* **Activity**
Each line from the top of the listing down to and including the line with "LAPTOP, HP ZBOOK" must be duplicated exactly; pictures are to be skipped.

* **Supplied information**
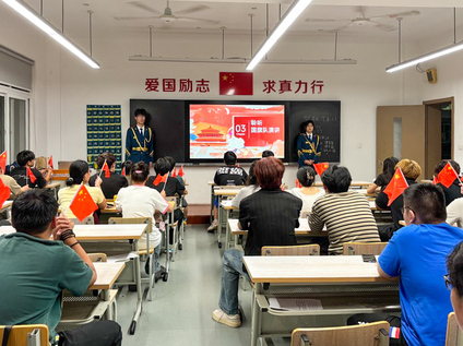 旗幟飄揚映初心,國防宣講明內涵。為深化學生對國家象征標識的認知與尊重,學院特邀國防軍事社團成員走進學生中間,開展專題宣講。宣講員結合歷史與現實,詳細闡釋了國旗、國徽的誕生歷程、深刻寓意及使用規范,激發了同學們的民族自豪感和尊崇之心。此外,學院還組織在校師生集中觀看天安門廣場的升旗儀式視頻,當雄壯的國歌奏響、鮮艷的五星紅旗迎風升起時,在場師生無不心潮澎湃,強烈的民族自豪感與愛國熱情油然而生。
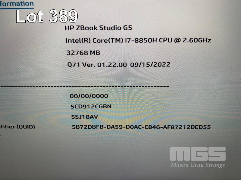 LAPTOP, HP ZBOOK STUDIO G5 MOBILE WORKSTATION (5SJ18AV), CORE i7 8850H (8TH GEN) @ 2.6GHz, 32GB DDR4 RAM, 512GB NVMe M.2 SSD, 15.6" WIDESCREEN (1920x1080), 4GB NVIDIA QUADRO P2000 VIDEO, Wi-Fi, BLUETOOTH, WINDOWS 11 PRO INSTALLED & POWER SUPPLY S/N:5CD912CGBN
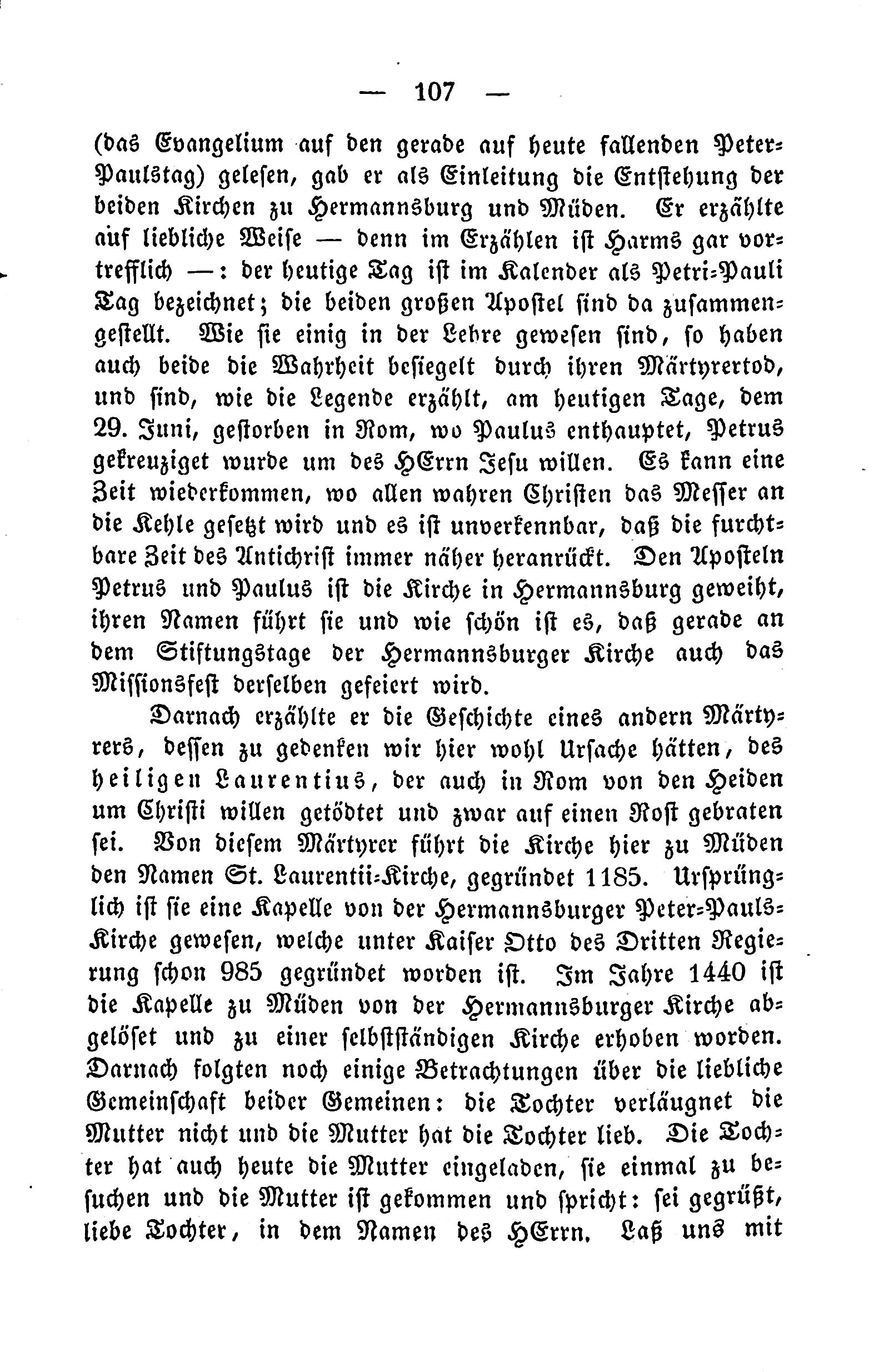 —107— The Gospel – an the recent day when Peter Pauli is departing – read, gave as an introduction the genesis of the two churches of Hermannsburg and Müden. He recounted lovingly – because telling is truly effective –: today is designated as the Petri Pauli day in the calendar; the two great apostles are together here. As they have agreed in the teaching, both also sealed the truth with their martyrdom, and are, as the legend tells it, today, on June 29th, in Rome, where Paul is enthralled, Peter crucified to honor the Lord Jesus. It can be a time when all true Christians will put a knife to their throat and it is unmistakable that the frightening time of Antichrist is always approaching closer. The church in Hermannsburg is dedicated to the apostles Peter and Paul, and their name leads them, and it is lovely that there is also a church foundation day for the Hermannsburg church celebrated. Darnach then recounted the story of another martyr, whose cause we should now consider here, the saintly Laurentius, who was also martyred in Rome by the Germans under the command of Christ, and was boiled on a sword. From this martyr, the church here leads to Müden the name St. Laurentii, founded in 1185. Initially, it was a chapel of the Hermannsburger Peter-Spanis- church, which was founded in 985 under the reign of Emperor Otto the Third. In years 1440, the chapel was dissolved by the Hermannsburger Church and elevated into an independent church. Darnach then made some further reflections on the amiable community of both churches: the daughter does not abandon the mother and the mother loves the daughter. The daughter now invites her to search for her and the mother comes and speaks: be greeted, dear daughter, in the name of God.
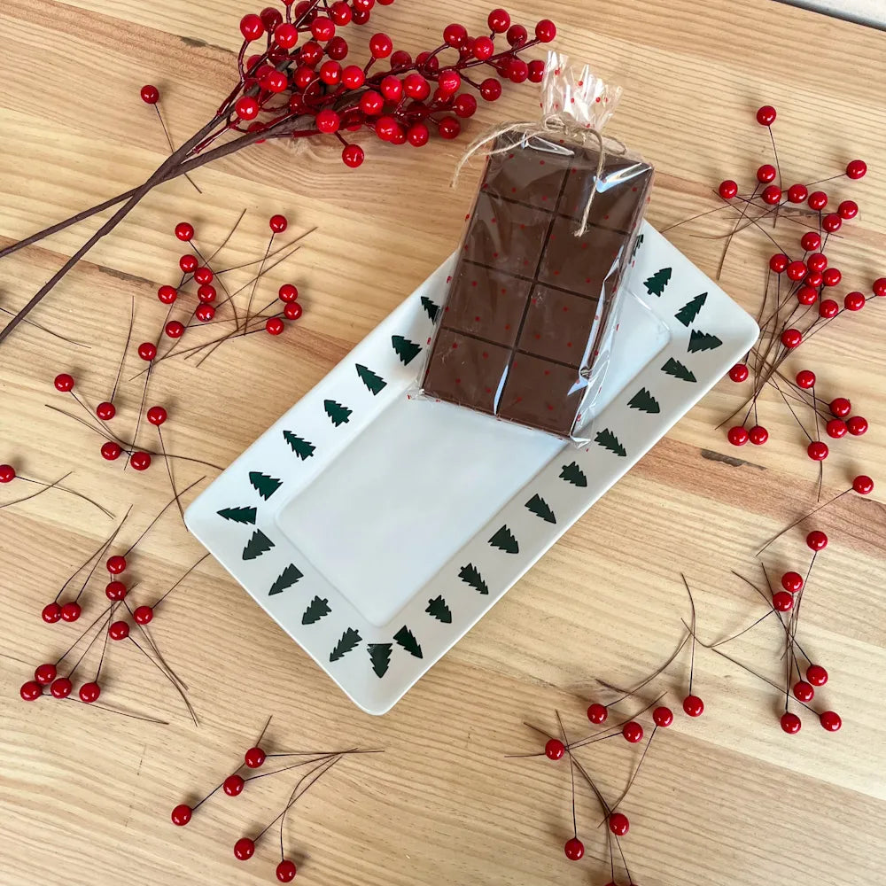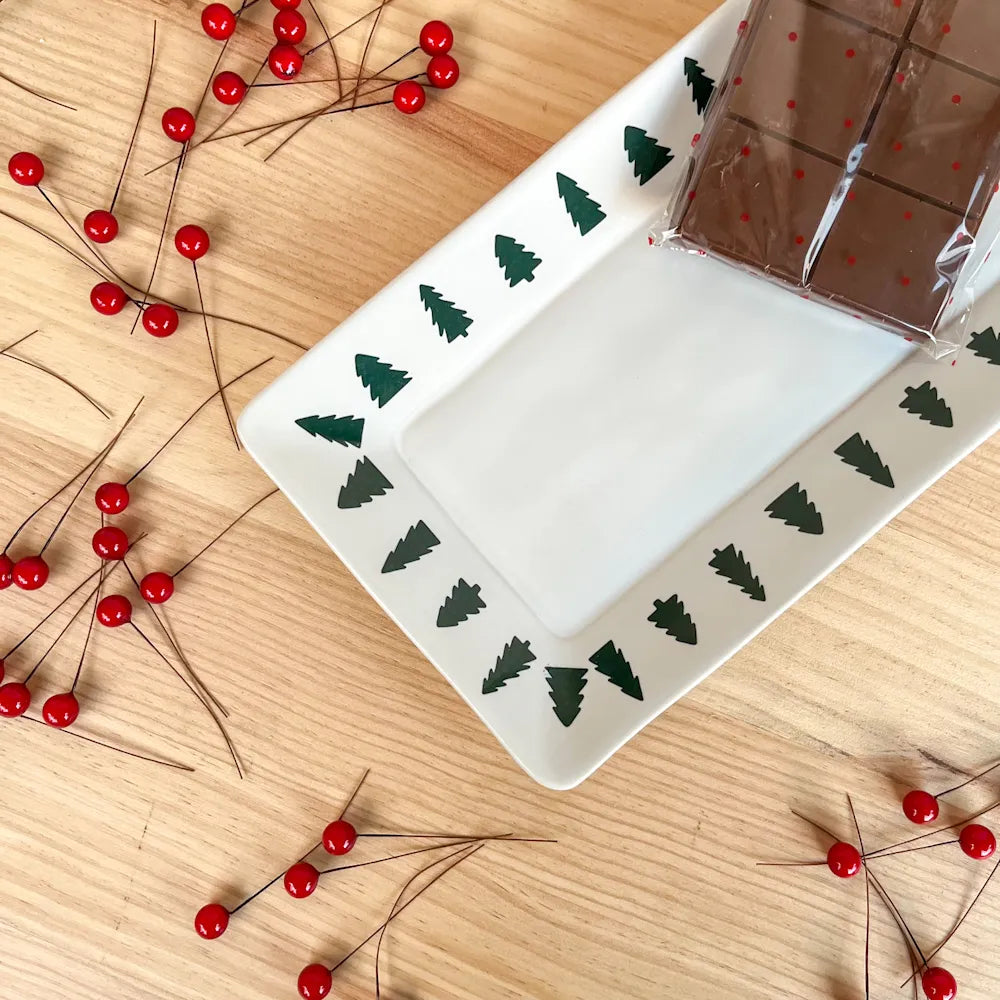 Fuente rectangular decorado en los bordes con abetos que invitan a disfrutar de la magia de la Navidad. Perfecta para servir dulces, meriendas especiales, desayunos o aperitivos.

* **Result**
 旗幟飄揚映初心,國防宣講明內涵。為深化學生對國家象征標識的認知與尊重,學院特邀國防軍事社團成員走進學生中間,開展專題宣講。宣講員結合歷史與現實,詳細闡釋了國旗、國徽的誕生歷程、深刻寓意及使用規范,激發了同學們的民族自豪感和尊崇之心。此外,學院還組織在校師生集中觀看天安門廣場的升旗儀式視頻,當雄壯的國歌奏響、鮮艷的五星紅旗迎風升起時,在場師生無不心潮澎湃,強烈的民族自豪感與愛國熱情油然而生。
 LAPTOP, HP ZBOOK STUDIO G5 MOBILE WORKSTATION (5SJ18AV), CORE i7 8850H (8TH GEN) @ 2.6GHz, 32GB DDR4 RAM, 512GB NVMe M.2 SSD, 15.6" WIDESCREEN (1920x1080), 4GB NVIDIA QUADRO P2000 VIDEO, Wi-Fi, BLUETOOTH, WINDOWS 11 PRO INSTALLED & POWER SUPPLY S/N:5CD912CGBN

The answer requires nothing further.